The conversation on exports (at least in this column) has been approached from multiple angles the need for research, innovation, diversification, etc. One more question, then, that this column would like to ask is this: what does it take to build a brand?
The question of whether or not we are getting the best value for our products is overlooked when discussing the falling exports particularly garments. Big multinationals like Reebok or Adidas will source a t-shirt from a local firm for peanuts and sell it at a price umpteen times higher. This isnt exactly news; most brands source their products from developing countries. The manufacturers in these developing countries find themselves on the receiving end of a bad bargain. The question is, how can Pakistan have an Adidas of its own?
Surely, Pakistan has some renowned textile brands to its name like Gul Ahmed, Nishat Linen, and Khaadi to name only a few. But these are few and far between, and when it comes to international presence, they can mostly be found in UAE or Saudi Arabia markets that are home to Pakistani expats. As such, any Pakistani brand has yet to really penetrate any market outside its own. BR Research spoke to a number of industry pundits for some answers.
Former KCCI President, Majyd Aziz told BR Research that Pakistani brands do not have the critical mass to make it to foreign markets. There is some international e-commerce, but physical presence is a rarity. The problem, it seems, is the enormous investment required to establish a brand. To that end, TDAP can be criticised for not doing more. The Warehousing Scheme was a positive measure in one of the Trade Policies that didnt really take off. As per the scheme, exporters would identify the destination country where they wanted a warehouse and the government would support the rent of the warehouse for such and such time. Like most things in our trade policies, this has gone largely unheard of. Mr. Aziz suggests that the textile associations can form a collective, have a common brand, in a common locality, and share the cost.
But before that, let it be known that branding is a science of its own. In an interview with BR Research (see Fridays Brief Recording), Dr. Ravi Yatawara of the World Bank mentioned that being a good manufacturer does not necessarily make one a good brand maker, since that is an entirely different skill set altogether one that seems lacking in Pakistan. On top of that, Dr. Yatawara underscored the need for strong relationships to facilitate investments; investments that could be used for branding. Moreover, the need for an efficient logistics system and knowing the latest trends is paramount. Finally, he mentioned risk as a detriment to investment, and the government needs to do more to address the risk/high costs.

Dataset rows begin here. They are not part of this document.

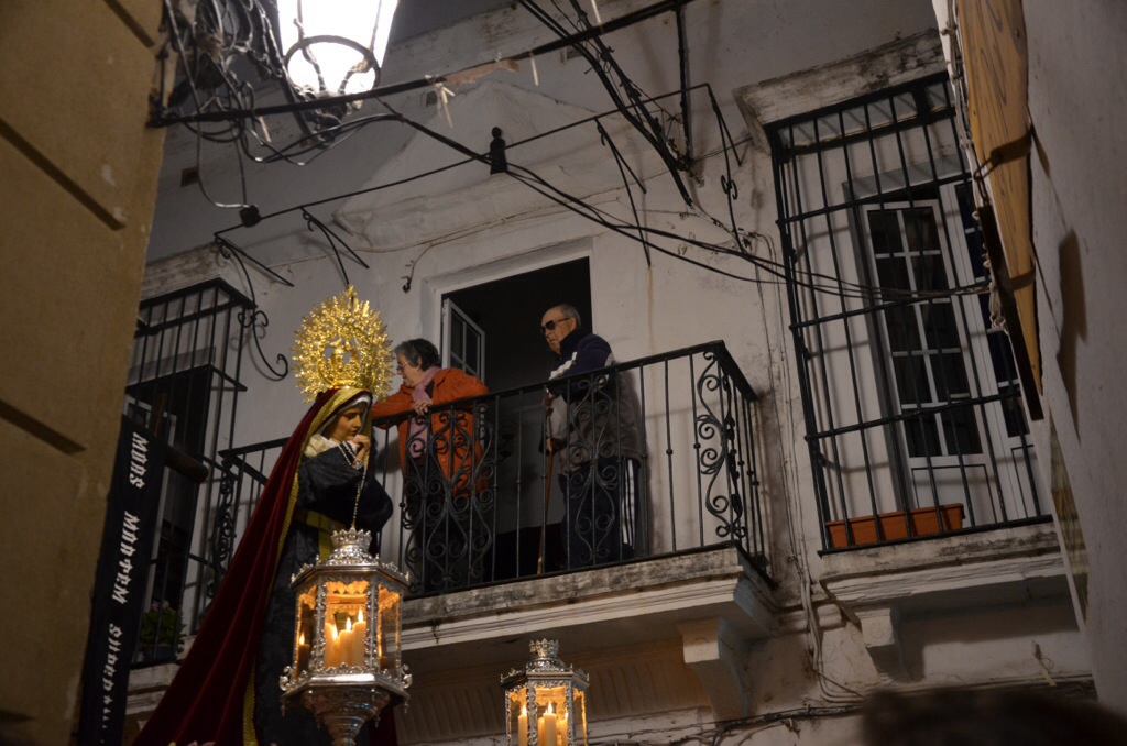 With all the detours during the day, I reached Tarifa very late, and the weather was chilly. The owner of the hotel said bad weather was expected for the following day. I checked into the room, exhausted from the day driving. I wanted to relax a bit, but the neighbors started to have a good time and I left for a walk through the old town. It is a lovely place. Small alleys lead along whitewashed houses. Bars and tiny boutiques were everywhere, and the street lights spread a yellow light. I ran into a procession, the first of this kind for me. A wooden Maria was carried through town, followed by a band, a crowd and a cloud of frankincense. The tapas and red wine were delicious, I found a bar on a small square where I had been already some years ago. That was it for this first day, tomorrow I’ll have to catch the ferry in the morning.
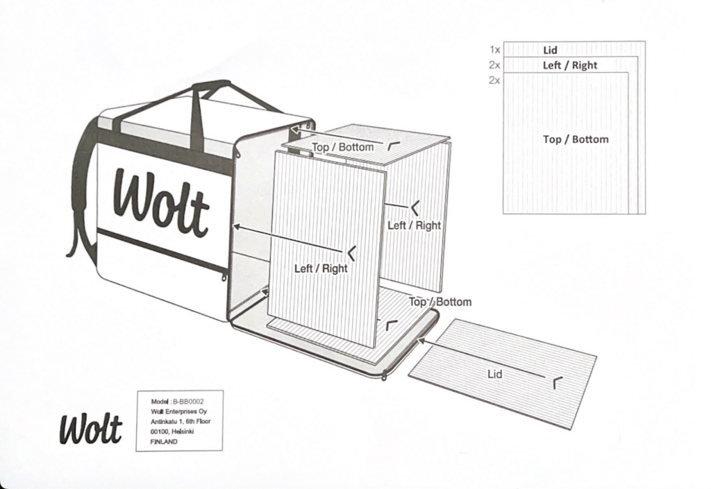 Pred tem pa te čaka sestava Wolt torbe, ki jo boš uporabljal/-a pri dostavljanju. Spodaj imaš navodila za sestavo, za pomoč pa imaš tudi ?  VIDEO ?
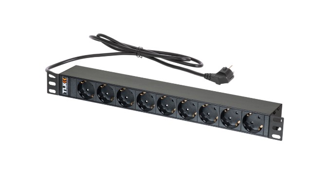 TLK-RSC09-M-04-BK блок электрических розеток 19" NIKOMAX; 9 гнезд Schuko; 16 A; горизонтальный; алюминиевый корпус; IP20; 1,5 мм2 (16AWG); 220-250 В; 16 А; 1 кг.
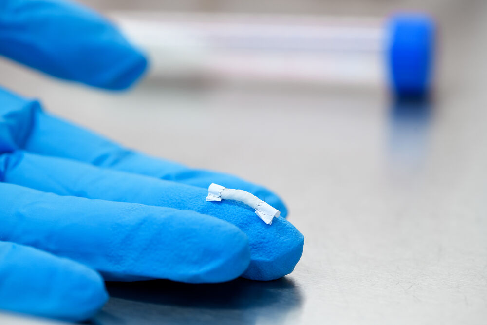 One strategy is to add signal molecules to the implant. These encourage the immune cells to behave in the desired manner: as builders of healthy tissue. Bonito tested this possibility using an implant – a soft, white plastic tube about a centimeter long – that was acting as the aorta in a laboratory rat. “We did indeed see that much more tissue had formed around the implant that we had coated with the molecule interleukin-4, which activates M2 cells. It was amazing to see this three months later, while the role of macrophages tends to be limited to the first few days after implantation.”
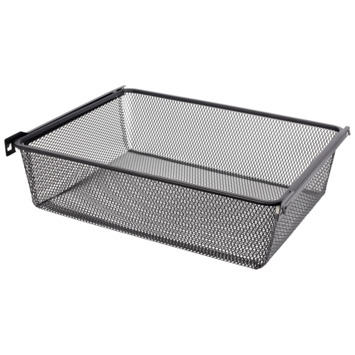 De storage gaas mand zwart inclusief geleiders hoort bij het Duraline hangende en staande storage systeem en creëert een moderne, functionele open opslagoplossing. Die op meerdere manieren kan worden gebruikt zoals voor kleding, boeken, schoenen, keukenartikelen en veel meer. Deze Duraline gaas mand is eenvoudig te monteren met de bijgeleverde geleiders. Het Duraline storage systeem heeft verschillende planken, manden en roedes om uw eigen, op maat gemaakte systeem samen te stellen.
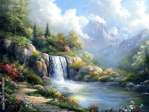 Fototapeta premium beautiful landscape painting of unique nature full of colorful flowers and...
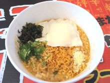 自動販売機で商品を選び、購入した食券をスタッフに渡した後、セルフのマシンで調理する流れ。ラーメンは1杯500円で、持ち帰りの商品購入は1個350円。韓国直輸入で、国内で流通しているものとは異なるという「辛ラーメンノーマル」、麺、スープにゴマが練り込んである「チャムケラーメン」、「スパゲッティラーメン」、焼きそばの「辛ラーメントゥーンバ」など15種を用意する。「キンパ」(300円)や、リゾットにできる「ごはん」(200円)、チーズ・卵などのトッピング(100円~)も用意する。
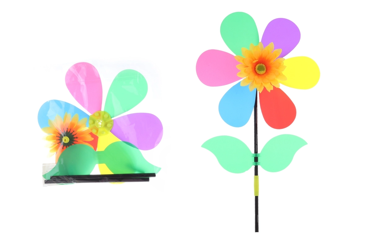 Vjetrenjak u obliku cvijeta lijepa je i funkcionalna dekoracija za vanjsku i unutarnju upotrebu. Okretni latici zavrte se pri svakom dašku vjetra i stvaraju privlačan prizor. Plastična štapna drška omogućuje lako postavljanje u gredicu, travnjak ili lončanicu.
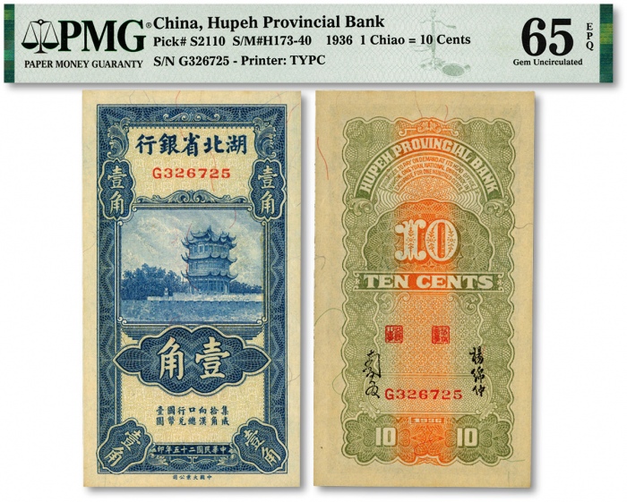 民国二十五年(1936年)湖北省银行壹角,背印南夔·杨绵仲签名,雕刻版纹路清晰,色彩明丽,资深藏家出品,全新(仅12枚之季军分,更高分仅5枚)
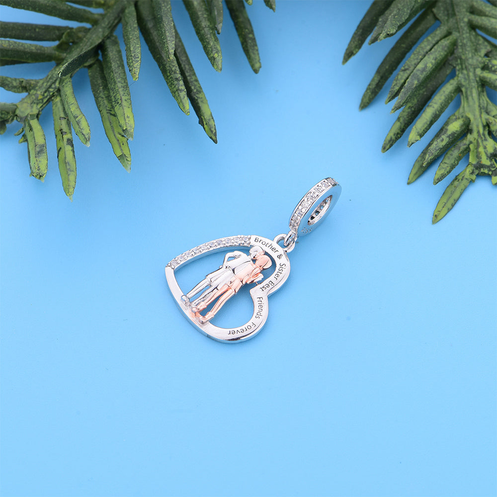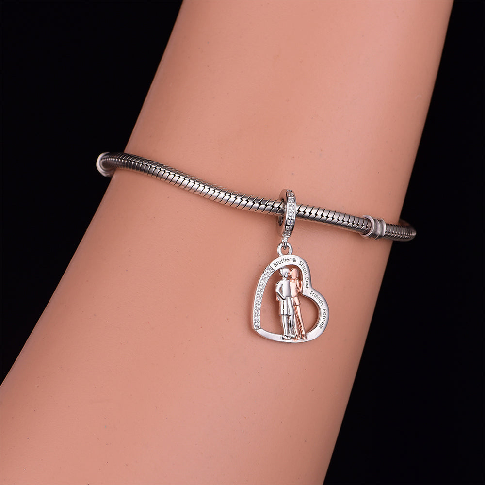 Celebrate romantic partnership with the "Heartbound Couple" Charm by RADIVIDE Jewelry. Crafted from 925 sterling silver (with two-tone detailing for the couple silhouette), this tender piece features a crystal-framed heart enclosing a standing couple — blending sweet, romantic symbolism with subtle sparkle. The standard bead opening fits most charm bracelets, making it a warm token of the bond between partners.

Local economist Dr. Faisal Bari opines that creating a brand requires time, heavy investment in the form of a huge fixed cost even if one does not set up manufacturing, it would be in the form of warehousing, marketing, brand creation and comes with great risk. Its a big decision, and the government needs to work to mitigate the risk/costs. Again, Pakistan only has a handful of big names that can actually take the game outside, and even they would be averse to the risk of a failed brand. He mentions the fact that there is no cohesive industrial policy in the country something this column will take up later.
Finally, former Advisor to PM on Textile, Dr. Mirza Ikhtiar Baig gave the example of China and its state-owned brand incubator that helped a number of businesses develop indigenous brands, some of which went abroad as well. Such initiatives are missing in Pakistan. For now, we are only selling unmarked, generic garments, and even there we are having trouble.